Printed headline: One Source
European Aviation Safety Agency’s (EASA) stakeholders rejoice—the agency has finished the first part of a 10-phase project that will ultimately create a single, electronic source for all regulations applicable to users of European airspace. EASA’s eRules aim to create an efficient and reliable interface for users to access EASA regulations, acceptable means of compliance and guidance material.
The agency dubs the new system “aviation rules for the 21st century” and states that it will be a comprehensive, single system for the drafting, sharing and storing of rules, “offer[ing] easy [online] access to all rules and regulations as well as new and innovative applications such as rulemaking process automation, stakeholder consultation, cross-referencing, and comparison with [International Civil Aviation Organization] and third countries’ standards.”

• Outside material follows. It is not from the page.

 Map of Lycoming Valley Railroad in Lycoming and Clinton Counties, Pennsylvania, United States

EASA eRules’ first publication, Easy Access Rules for Continuing Airworthiness (Regulation [EU] No 1321/2014), was released Jan. 20. At 707 pages, the document doesn’t quite live up to its name, but it does in fact allow users to review regulation and guidance side-by-side in a color-coded format, vastly improving accessibility to continuing airworthiness rules.
EASA’s new compilation of continuing airworthiness rules includes all the annexes of Regulation (EU) No 1321/2014 (i.e., Part-M, Part-145, Part-66, Part-147 and Part-T). Credit: EASA
In the past 15 months, EASA has published “easy access” consolidated rules governing air traffic controllers, initial airworthiness, aircrews and operations. The most recent continuing airworthiness publication is the first “powered by eRules,” which will ultimately integrate to an online platform, expected to be completed in 2018.

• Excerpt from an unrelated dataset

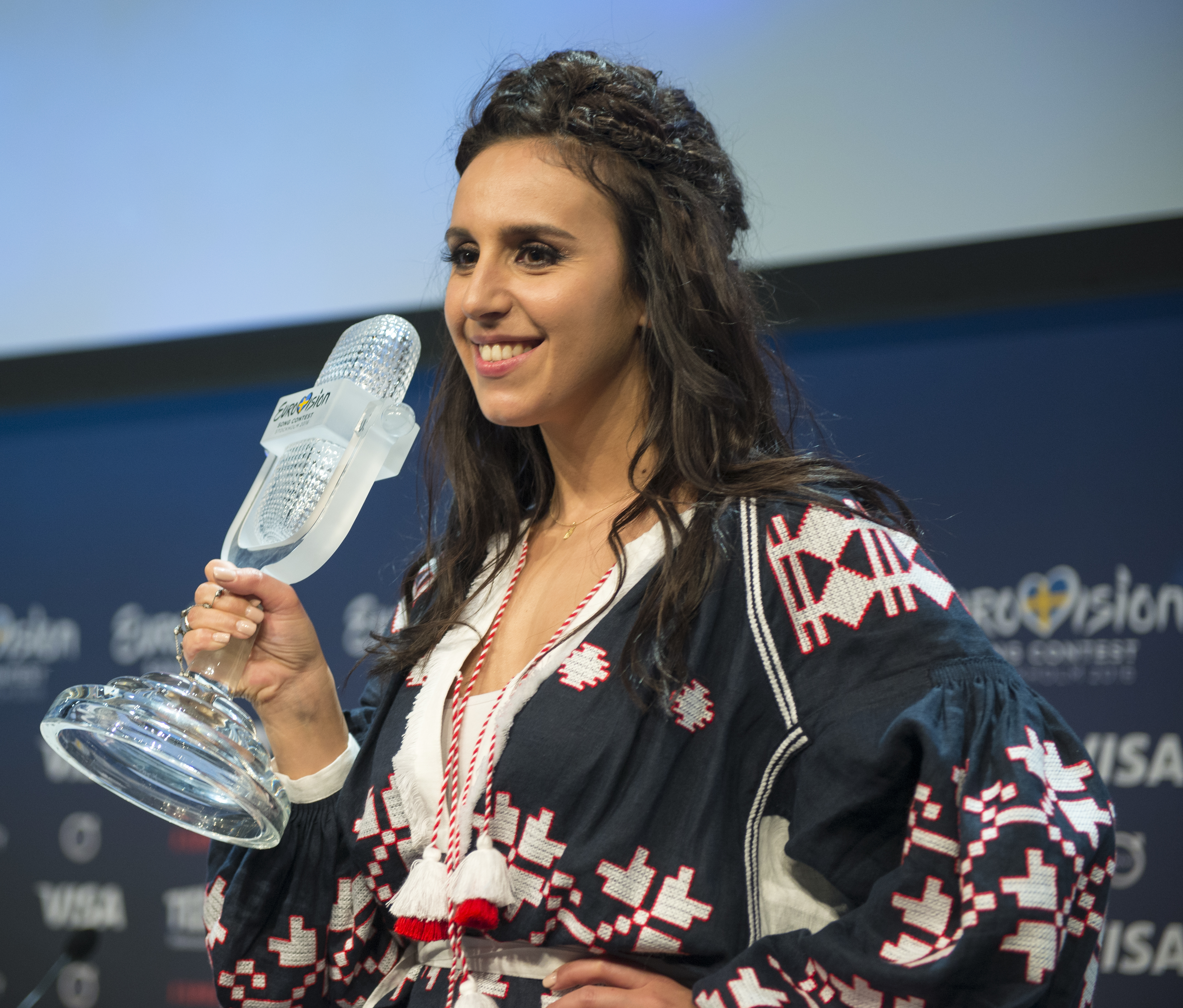 Jamala at the winners press conference, right after winning the Eurovision Song Contest 2016 in Stockholm. (Help translate this text)

EASA is not the only agency bringing its regulatory library into the current tech age. The FAA’s Dynamic Regulatory System materialized in response to an FAA-industry regulatory consistency committee recommendation. A 2014 Government Accountability Office report indicated that the “master source” would consolidate all certification and flight standards, rules and guidance material for easy access. At a subsequent congressional hearing, FAA representatives stated that the project was “on schedule.” No word yet on its expected release date.